None of these reasons were enough for SEC to include regulation of cryptocurrencies in its list of priorities. This fact shocked the investors and weighed over the prices of bitcoin on Tuesday. Meanwhile, the law enforcement agents in China have arrested approximately 1,100 individuals on charges of using crypto in money laundering. This move by China gave a clear reminder that China is actively working towards a society where crypto holds no existence.
Additionally, China has long been home to more than half the world's bitcoin miners. Still, now Beijing has decided to send them out as the government has called for a severe crackdown in bitcoin mining and trading activities. These negative developments added further losses in BTC/USD prices on Tuesday. However, on Wednesday, the BTC/USD is trading with a bullish bias; let's take a look at the technical side of the market.
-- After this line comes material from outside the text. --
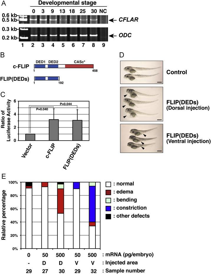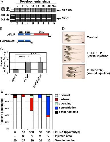 Fig. 6. Irregular development of X. laevis embryos expressing a c-FLIP mutant. (A) The expression profile of African clawed frog CFLAR transcripts during embryogenesis. Total RNAs isolated from X. laevis embryos, which were collected at indicated stages (lanes 2â8), was analyzed by RT-PCR. PCR products amplified with primers specific for CFLAR (upper panel) and ODC (lower panel) were resolved by acrylamide-gel electrophoresis. Molecular weight markers were run in lane 1, and a negative control (NC) with no polymerase was run in lane 9. Arrows indicate the expected molecular weights of the CFLAR and ODC PCR products, respectively. (B) The structure of a truncated c-FLIP mutant, FLIP(DEDs), consisting of only two DED motifs. (C) Effect of a FLIP(DEDs) mutant on NF-κB activation. The empty vector or plasmids encoding intact or truncated forms of clawed frog c-FLIP were transiently co-transfected with pNFκB-Luc and pRL-TK into HEK293 cells. After 48 h in cell culture, NF-κB activation was analyzed by measuring enzyme activities of dual luciferases produced in transfected cells using a luminometer. Data are presented as the means and standard deviations of samples counted from three independent experiments. The statistically-significant difference between two groups was evaluated by Studentâs t-test. (D) Morphological analysis of embryos expressing FLIP(DEDs). X. laevis embryos were injected without (upper panel) or with mRNA encoding FLIP(DEDs), at the equatorial area of two dorsal (middle panel) or two ventral (lower panel) blastomeres at the four-cell-stage. Images of the developing embryos were acquired at stage 45. Arrowheads indicate the edema and abdominal constriction of the injected embryos, respectively. Scale bars indicate 1 mm. (E) A summary of the phenotypic data presented in (D). Embryos displaying edema (red), abdominal constriction (dark blue), bending (light blue), and other defects (black) were counted under the microscope. Data represent the percentages calculated from five independent experiments. Abbreviations: D, dorsal; V, ventral. |

BTC/USD Intraday Technical Levels
Support Resistance
39255.53 40985.23
38549.87 42009.27
36820.17 43738.97
Pivot Point: 40279.57
BTC/USD - Technical Outlook
Bitcoin's bullish bias dominates in the market as the BTC/USD is trading at the 40,180 level. The BTC/USD pair has violated the symmetrical triangle pattern that's driving buying trends in BTC on a daily timeframe. On the higher side, the BTC/USD has the potential to go after 42,150 and 45,379 levels, primarily because of the symmetrical triangle breakout. Whereas the support levels stay at 39,120 and 37,880. The MACD has crossed over 0 (crossover point), demonstrating solid bullish bias among investors. The 50 periods EMA also supports an upward movement in the BTC/USD. All the best!